= TASK INSTRUCTIONS =
In the entries below, find the line with "交易行情显示,万科A在11月" and the line with "We can now compute"; reproduce those two lines and all lines between them exactly, without pictures.

= ENTRIES PROVIDED =
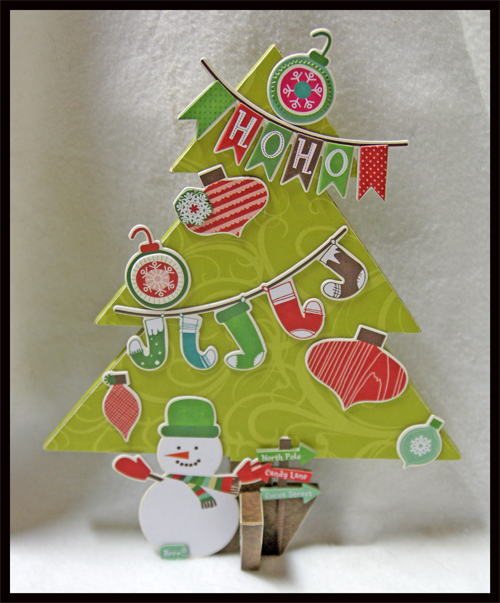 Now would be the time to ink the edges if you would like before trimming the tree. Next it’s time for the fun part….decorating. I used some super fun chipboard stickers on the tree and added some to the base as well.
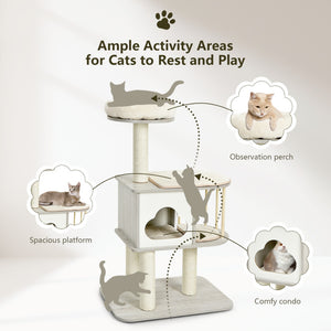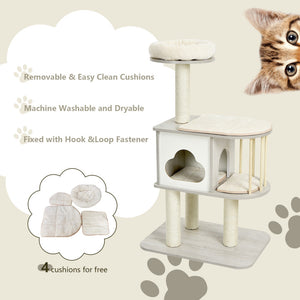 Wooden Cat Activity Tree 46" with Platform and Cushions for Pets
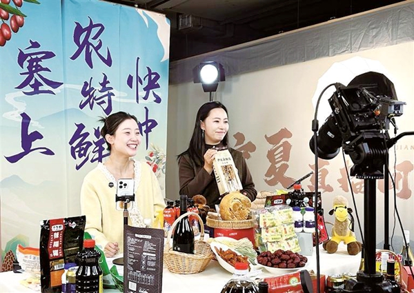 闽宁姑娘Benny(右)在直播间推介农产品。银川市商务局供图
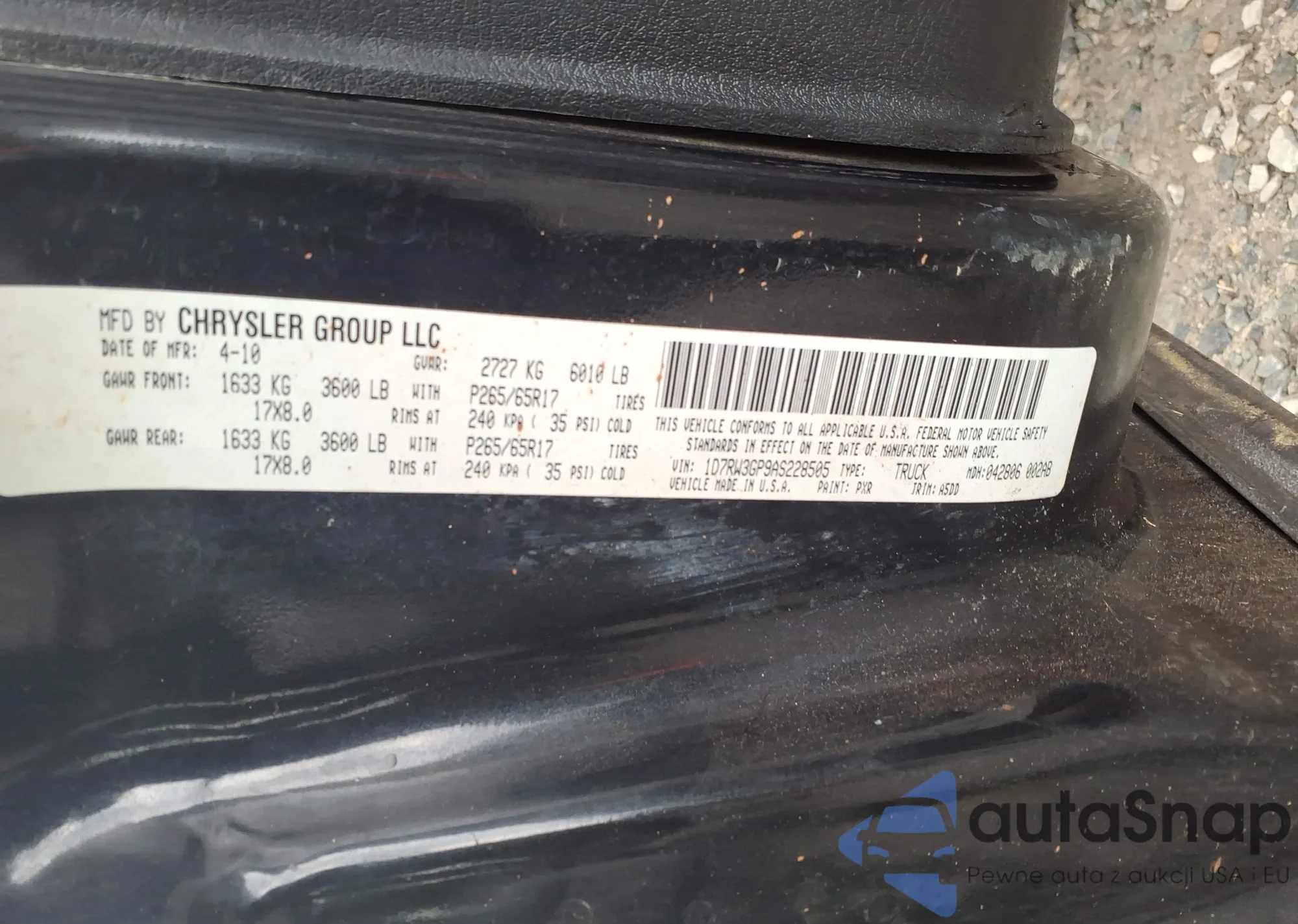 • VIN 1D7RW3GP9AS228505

* * *

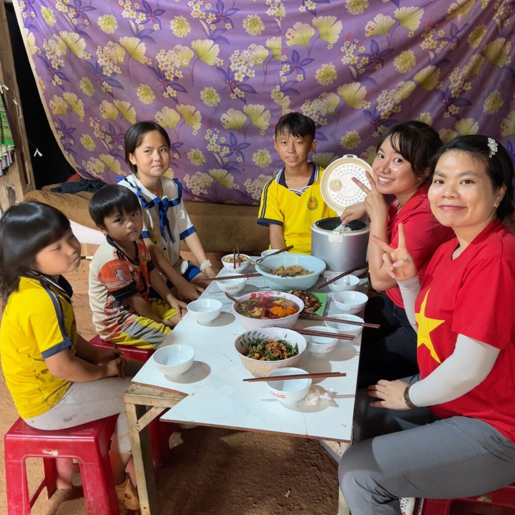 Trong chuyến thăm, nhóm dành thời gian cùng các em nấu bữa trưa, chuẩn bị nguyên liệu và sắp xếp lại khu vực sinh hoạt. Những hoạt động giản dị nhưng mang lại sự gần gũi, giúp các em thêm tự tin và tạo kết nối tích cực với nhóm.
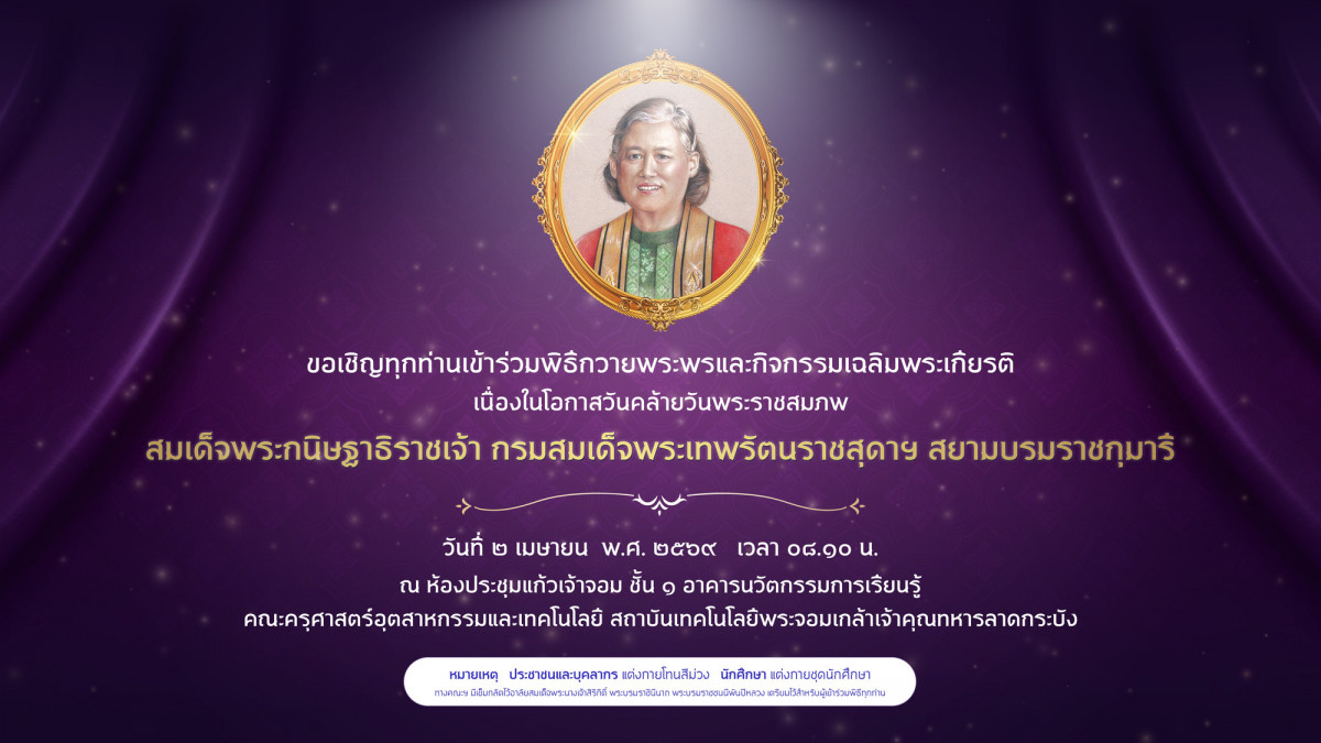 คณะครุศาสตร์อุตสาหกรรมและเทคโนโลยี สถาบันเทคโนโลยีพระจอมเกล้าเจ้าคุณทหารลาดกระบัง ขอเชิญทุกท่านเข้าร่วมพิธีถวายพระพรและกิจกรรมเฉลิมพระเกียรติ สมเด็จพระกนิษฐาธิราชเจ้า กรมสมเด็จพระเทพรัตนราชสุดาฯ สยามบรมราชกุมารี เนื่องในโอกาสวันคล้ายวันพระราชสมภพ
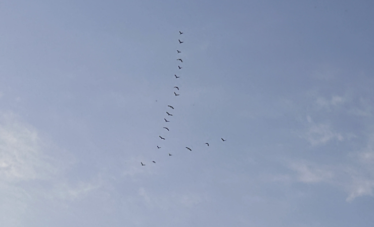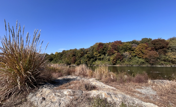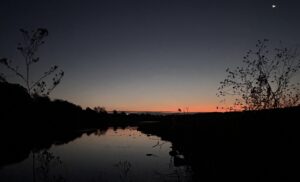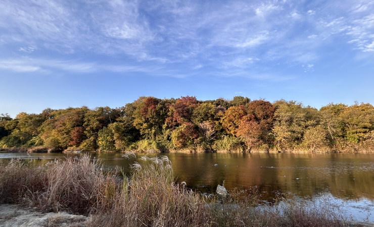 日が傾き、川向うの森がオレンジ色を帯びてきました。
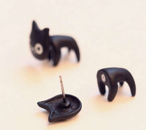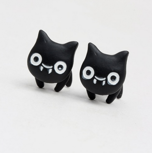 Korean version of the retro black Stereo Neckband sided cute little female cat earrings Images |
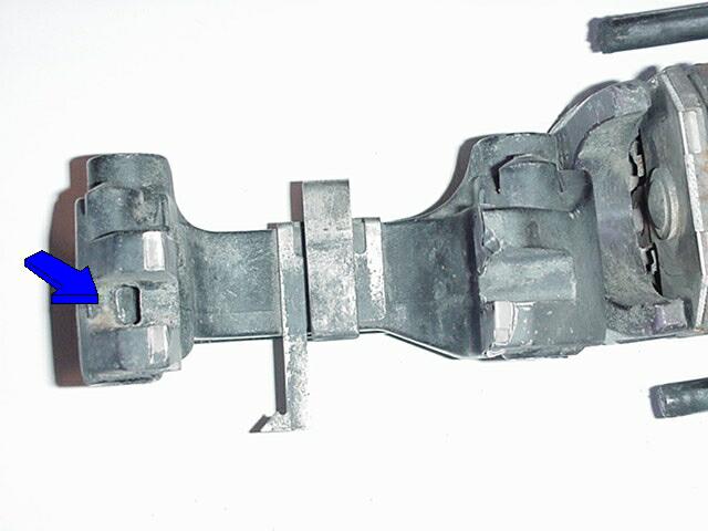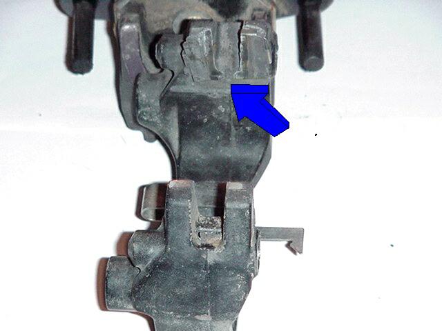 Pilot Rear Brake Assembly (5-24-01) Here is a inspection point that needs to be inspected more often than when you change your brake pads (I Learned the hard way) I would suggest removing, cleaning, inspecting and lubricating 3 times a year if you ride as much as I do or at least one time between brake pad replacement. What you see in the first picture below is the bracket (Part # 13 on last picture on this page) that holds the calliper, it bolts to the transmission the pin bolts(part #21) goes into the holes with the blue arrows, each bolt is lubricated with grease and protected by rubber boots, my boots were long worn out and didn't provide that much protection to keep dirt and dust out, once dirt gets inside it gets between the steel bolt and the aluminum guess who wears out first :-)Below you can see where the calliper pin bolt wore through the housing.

--

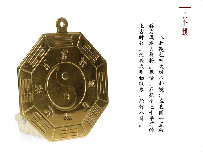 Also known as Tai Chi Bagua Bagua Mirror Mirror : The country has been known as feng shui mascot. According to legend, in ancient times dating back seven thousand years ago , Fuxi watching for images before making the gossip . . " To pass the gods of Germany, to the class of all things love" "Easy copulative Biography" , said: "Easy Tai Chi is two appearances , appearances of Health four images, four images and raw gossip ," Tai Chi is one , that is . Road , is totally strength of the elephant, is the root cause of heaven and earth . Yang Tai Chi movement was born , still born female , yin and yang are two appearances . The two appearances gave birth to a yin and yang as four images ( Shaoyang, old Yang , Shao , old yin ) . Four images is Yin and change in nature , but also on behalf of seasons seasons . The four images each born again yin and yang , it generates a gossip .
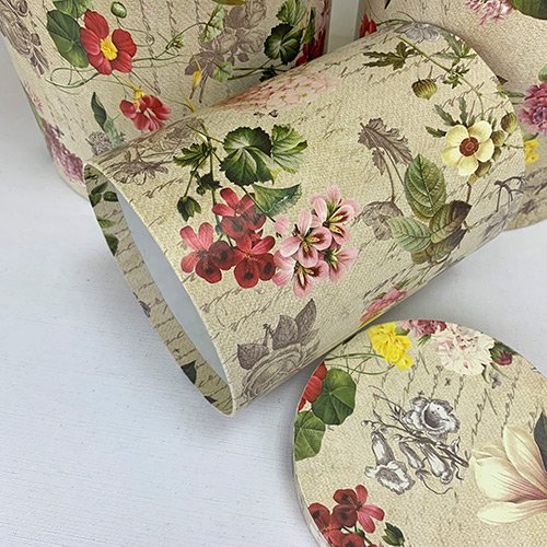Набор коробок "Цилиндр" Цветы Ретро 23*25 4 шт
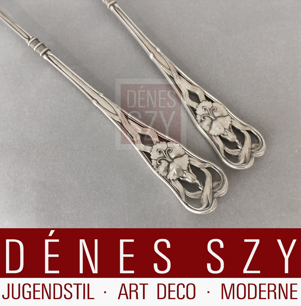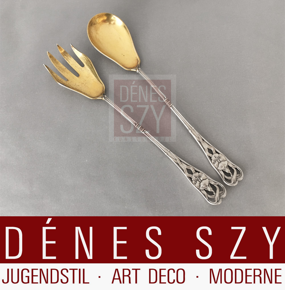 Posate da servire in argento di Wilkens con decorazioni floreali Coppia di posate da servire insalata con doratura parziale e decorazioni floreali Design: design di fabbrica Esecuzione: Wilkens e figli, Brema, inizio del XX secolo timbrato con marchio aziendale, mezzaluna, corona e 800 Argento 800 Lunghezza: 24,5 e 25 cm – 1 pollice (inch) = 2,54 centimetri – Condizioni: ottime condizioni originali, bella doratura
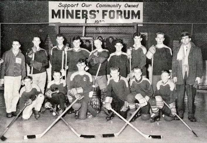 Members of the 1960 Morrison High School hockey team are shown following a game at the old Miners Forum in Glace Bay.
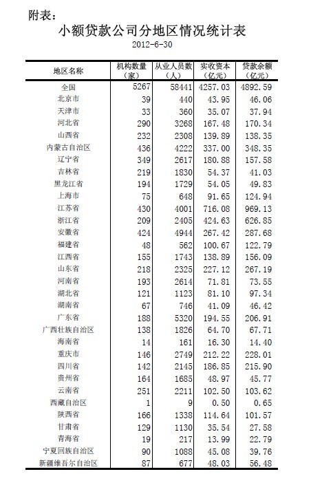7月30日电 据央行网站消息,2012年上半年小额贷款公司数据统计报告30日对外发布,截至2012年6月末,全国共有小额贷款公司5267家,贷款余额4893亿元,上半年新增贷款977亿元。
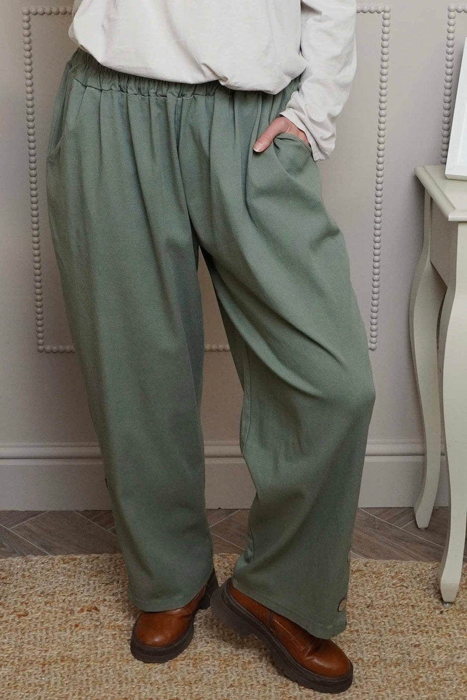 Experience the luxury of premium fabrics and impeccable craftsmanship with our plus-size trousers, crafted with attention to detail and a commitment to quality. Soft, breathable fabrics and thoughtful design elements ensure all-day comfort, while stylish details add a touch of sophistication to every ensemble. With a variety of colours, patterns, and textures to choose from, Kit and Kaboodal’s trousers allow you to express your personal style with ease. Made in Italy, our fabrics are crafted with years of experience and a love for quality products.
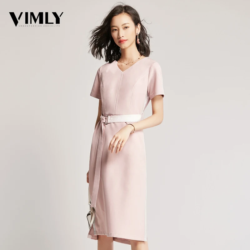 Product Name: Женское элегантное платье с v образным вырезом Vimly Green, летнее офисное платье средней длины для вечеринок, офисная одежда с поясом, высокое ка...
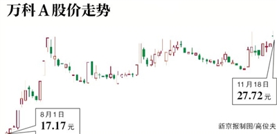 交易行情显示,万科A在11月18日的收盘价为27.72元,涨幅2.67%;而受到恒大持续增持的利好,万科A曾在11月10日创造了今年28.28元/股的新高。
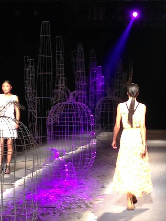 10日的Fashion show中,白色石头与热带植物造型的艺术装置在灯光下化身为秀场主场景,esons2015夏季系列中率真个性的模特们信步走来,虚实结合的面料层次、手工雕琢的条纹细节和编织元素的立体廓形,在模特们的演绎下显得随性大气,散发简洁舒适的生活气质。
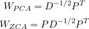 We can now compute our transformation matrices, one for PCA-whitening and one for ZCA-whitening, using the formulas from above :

= EXPECTED ANSWER =
 交易行情显示,万科A在11月18日的收盘价为27.72元,涨幅2.67%;而受到恒大持续增持的利好,万科A曾在11月10日创造了今年28.28元/股的新高。
 10日的Fashion show中,白色石头与热带植物造型的艺术装置在灯光下化身为秀场主场景,esons2015夏季系列中率真个性的模特们信步走来,虚实结合的面料层次、手工雕琢的条纹细节和编织元素的立体廓形,在模特们的演绎下显得随性大气,散发简洁舒适的生活气质。
 We can now compute our transformation matrices, one for PCA-whitening and one for ZCA-whitening, using the formulas from above :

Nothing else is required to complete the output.